WHAT TO WORK ON: Type out the lines below exactly, from the first through the line holding "Baker AHNC-160P Pressure", and include no pictures.

SUPPLIED DATA:
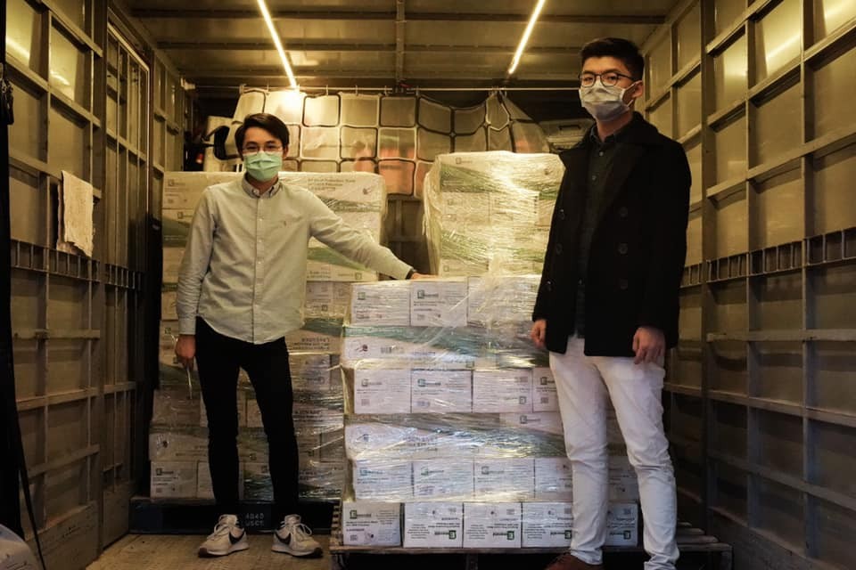 香港眾志秘書長黃之鋒11日下午發文表示,經過連日緊張跟進,眾志從美國採購的十萬個口罩,現已安全到埗並順利清關,剛趕赴機場取貨,終於可跟大家宣布這項好消息,「這批次的十萬個口罩,部分會交由友好民主派區議員協助社區有需要人士,其餘會在眾志網店以低於成本價發售。」
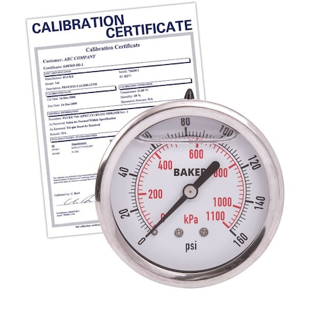 Baker AHNC-160P Pressure Gauge, 0-160 PSI,
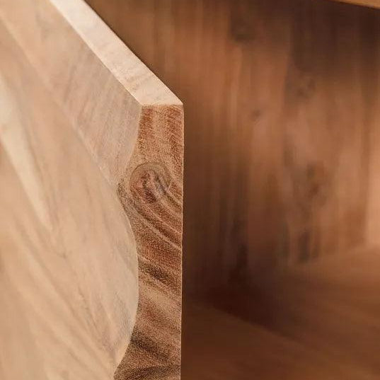 An acacia wood sideboard is a stylish and functional furniture piece that adds elegance and storage space to your living room, dining area, or any room where you desire a blend of aesthetics and utility. Acacia wood is highly regarded for its durability, distinctive grain patterns, and warm color tones, making it a popular choice for furniture crafting. The sideboard typically features a rectangular or slightly curved design, with a flat top surface that can be used for displaying decorative items, holding drinks, or serving food. Sideboards often incorporate various storage options, such as cabinets, drawers, and open shelves. The design of an wood sideboard can vary widely, from sleek and modern to more traditional or rustic styles.

OUTPUT OF THE EXERCISE:
 香港眾志秘書長黃之鋒11日下午發文表示,經過連日緊張跟進,眾志從美國採購的十萬個口罩,現已安全到埗並順利清關,剛趕赴機場取貨,終於可跟大家宣布這項好消息,「這批次的十萬個口罩,部分會交由友好民主派區議員協助社區有需要人士,其餘會在眾志網店以低於成本價發售。」
 Baker AHNC-160P Pressure Gauge, 0-160 PSI,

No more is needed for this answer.